Assembled one of the front wheels. Just hand tightened the bolts/nuts. Gonna torque them (22 ft-lbs) and seal them on Monday. Starting to get really excited.


----------



## BT12 (May 25, 2012)

Looking good, cant wait to see the 4.25". How wide is the rear going to be?


----------



## brandonioyo (Jul 5, 2013)

BT12 said:


> Looking good, cant wait to see the 4.25". How wide is the rear going to be?


Hopefully the 4.25" lips come in sometime this week. Rears are going to be 18x11.


----------



## brandonioyo (Jul 5, 2013)

Ordered a pair of tires for the fronts (9"). Achilles ATR Sports. 215/35/18. Not the best tires but they're decent and cheap. $160 shipped for the pair from tires-easy.com.


----------



## brandonioyo (Jul 5, 2013)

*18&quot; OZ Pegasus Build*

ASSEMBLY
----------------------------------------------
I decided to sandwich mount these wheels because 1: That's how they come from the factory. 2: I like the look better.
Ok so first I wiped down all the mounting surfaces with isopropyl.
Line up the face bolt holes with the barrel bolt holes and "snap" the face in place.
Then line up the lip bolt holes with the face bolt holes and "snap" the lip in place.
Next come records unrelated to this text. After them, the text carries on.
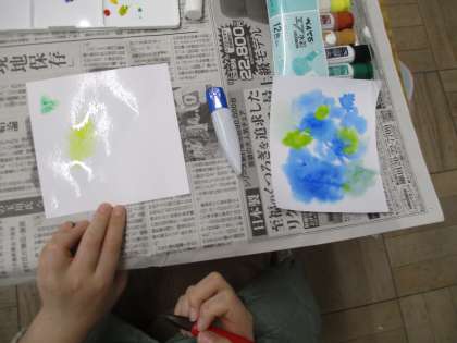 図画工作科の学習で自分の気持ちを色や形など工夫して表しています。楽しい気持ちは明るい色、この形はこんな気持ち・・・などと思い思いに作品に表していました。さすが高学年という工夫がいろいろと感じられました。
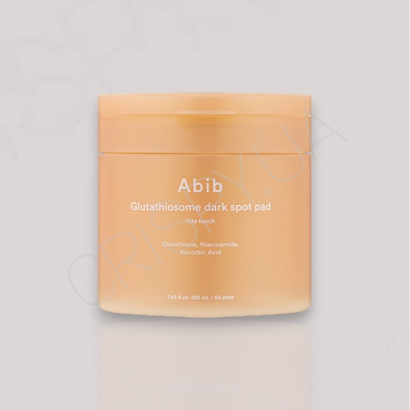 Abib Glutathiosome Dark Spot Pad Vita Touch — тонізувальні педи з глутатіоном та вітамінним комплексом, які освітлюють пігментацію, вирівнюють тон шкіри та повертають їй природне сяйво. Педи м’яко оновлюють шкіру, зволожують та покращують її загальний стан.
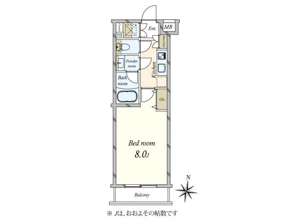| 専有面積 | 25.37m2 | 間取り | 1K |
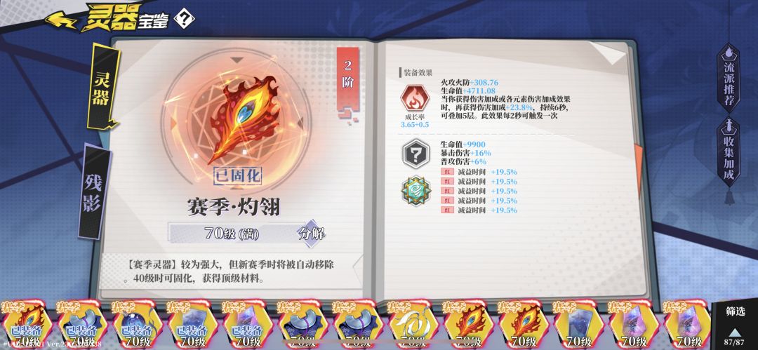 灼翎:解封2 叠加五层有119伤害加成,主要神魂之一。必带
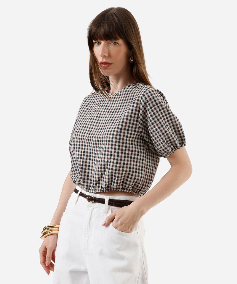 Blusa feminina confeccionada em tecido plano com algodão e estampa xadrez. A peça tem modelagem reta, caimento solto ao corpo e comprimento cropped. O modelo tem decote redondo, abertura posterior por botão e mangas bufantes curtas com elástico nos punhos. /38
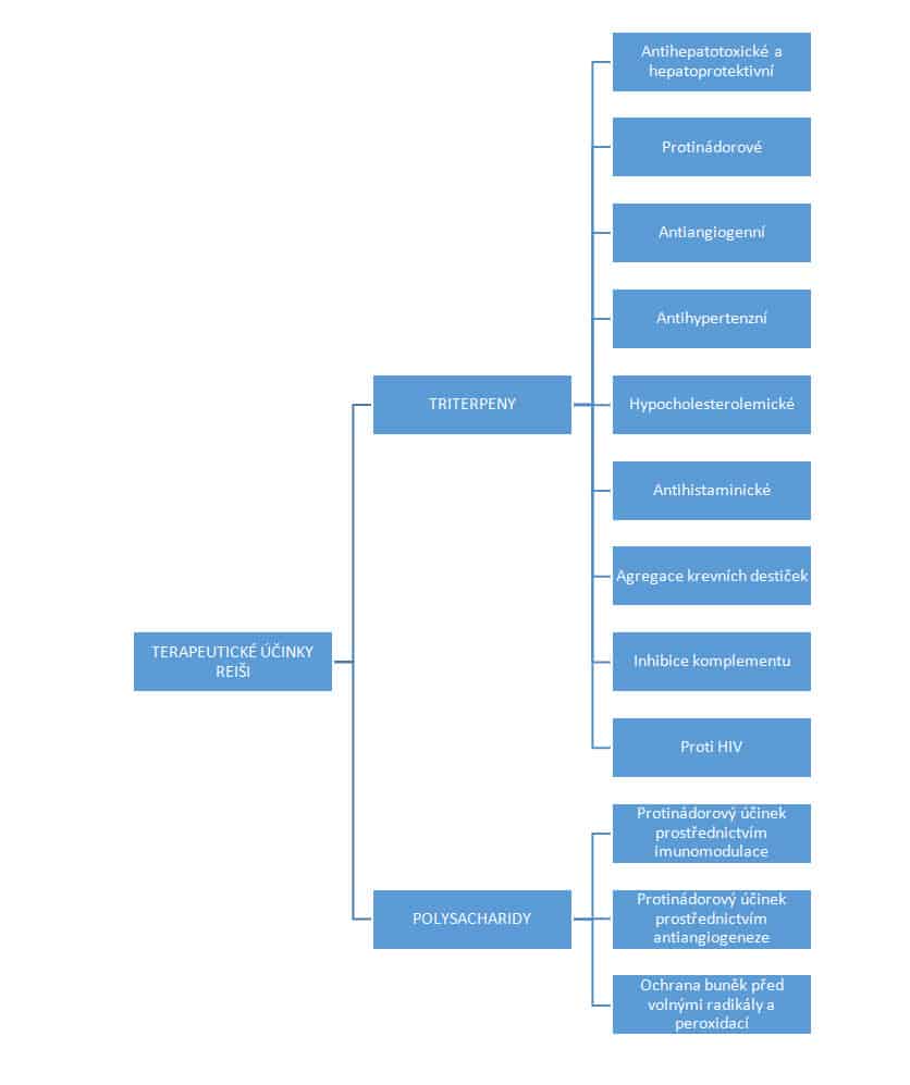 Zdroj 1) David Winston, Steven Maimes. Adaptogens: Herbs for Strength, Stamina, and Stress Relief. Healing Arts Press, 20072) Darija Cör, Željko Knez and Maša Knez Hrnčič. Review Antitumour, Antimicrobial, Antioxidant and Antiacetylcholinesterase Effect of Ganoderma Lucidum Terpenoids and Polysaccharides: A Review, dostupné z https://pdfs.semanticscholar.org/ae0a/477fcfee310dca4a46981a2bd41bb429c4c7.pdf3) Peng-Yun Wang, Xiao-Ling Zhu, and Zhi-Bin Lin. Anticensored and Immunomodulatory Effects of Polysaccharides from Broken-Spore of Ganoderma lucidum. Front Pharmacol. 2012; 3: 135. Published online 2012 Jul 13. doi: 10.3389/fphar.2012.00135. https://www.ncbi.nlm.nih.gov/pmc/articles/PMC3395810/4) María E. Meneses, Daniel Martínez-Carrera, Nimbe Torres, Mónica Sánchez-Tapia, Miriam Aguilar-López, Porfirio Morales, Mercedes Sobal, Teodoro Bernabé, Helios Escudero, Omar Granados-Portillo, Armando R. Tovar. Hypocholesterolemic Properties and Prebiotic Effects of Mexican Ganoderma lucidum in C57BL/6 Mice. Published: July 20, 2016. https://doi.org/10.1371/journal.pone.0159631https://journals.plos.org/plosone/article?id=10.1371/journal.pone.01596315) Ben Kao, Amalini C. Jesuthasan, Karen Suzanne Bishop, Lynnette Robin Ferguson. Anticancer activities of Ganoderma lucidum: active ingredients and pathways. Article (PDF Available) · February 2013. https://www.researchgate.net/publication/292225167_Anticancer_activities_of_Ganoderma_lucidum_active_ingredients_and_pathways6) Sissi Wachtel-Galor, John Yuen, John A. Buswell, and Iris F. F. Benzie. Herbal Medicine: Biomolecular and Clinical Aspects. 2nd edition. Chapter 9 Ganoderma lucidum (Lingzhi or Reishi). A Medicinal Mushroom. Dostupné z https://www.ncbi.nlm.nih.gov/books/NBK92757/7) Shaodan Chen, Xiangmin Li, Tianqiao Yong, Zhanggen Wang, Jiyan Su, Chunwei Jiao, Yizhen Xie, and Burton B. Yang. Cytotoxic lanostane-type triterpenoids from the fruiting bodies of Ganoderma lucidum and their structure–activity relationships. Oncotarget. 2017 Feb 7; 8(6): 10071–10084. Published online 2016 Dec 28. Dostupné z https://www.ncbi.nlm.nih.gov/pmc/articles/PMC5354642/8) Jian-Li Gao, Kelvin Sze-Yin Leung, Y.T. Wang, Z.L. Yu. Article in Journal of Pharmaceutical and Biomedical Analysis 44(3):807-11 · August 2007 · Source: PubMed. https://www.researchgate.net/publication/6368863_Qualitative_and_quantitative_analyses_of_nucleosides_and_nucleobases_in_Ganoderma_spp_by_HPLC-DAD-MS
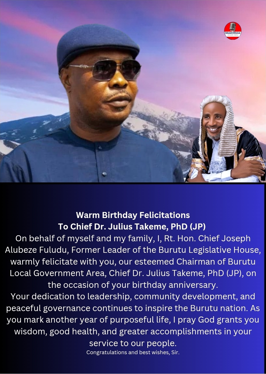 In his congratulatory note, Chief Fuludu stated: “On behalf of myself and my family, I, Rt. Hon. Chief Joseph Alubeze Fuludu, Former Leader of the Burutu Legislative House, warmly felicitate with you, our esteemed Chairman of Burutu Local Government Area, Chief Dr. Julius Takeme, PhD (JP), on the occasion of your birthday anniversary.”
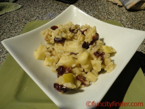 One such fall meal using my favorite local apples is Gorgonzola, apple and cranberry risotto. Don’t be afraid to try risotto, it is not as hard as you think. Get all of your ingredients ready beforehand and the process goes much more smoothly. This is a great one-dish meal and also compliments bake chicken, fish or pork.

This step was difficult for me because it was a TIGHT fit but there's nothing a rubber mallet and persistence can't do.
Next, put all the bolts in the holes and hand thread the nuts on them.
MAKE SURE TO TORQUE THE NUT SIDE NOT THE BOLT SIDE 22 FT-LBS or 264 IN-LBS FOR NEW HARDWARE.
Before I torqued the nuts I numbered them in the sequence that I was going to torque them (star pattern) to make it easier on me.










I convinced the girlfriend to hold the wheel as I torqued the nuts in sequence going around 3 times because I was just that paranoid.










__________________________________________


----------



## brandonioyo (Jul 5, 2013)

The lips are here!!! Pics when I get home from work. Shipping only took 42 days


----------



## brandonioyo (Jul 5, 2013)

4.25" stainless steel lips!


----------



## BT12 (May 25, 2012)

Now those are some lips:thumbup:


----------



## brandonioyo (Jul 5, 2013)

Got one of the rears assembled. Looking good!


----------



## BT12 (May 25, 2012)

I wish i could rock 4.25" lips. Baller:thumbup:


----------



## brandonioyo (Jul 5, 2013)

BT12 said:


> I wish i could rock 4.25" lips. Baller:thumbup:


Thanks bro!  If I can make it happen, you can make it happen! ️


----------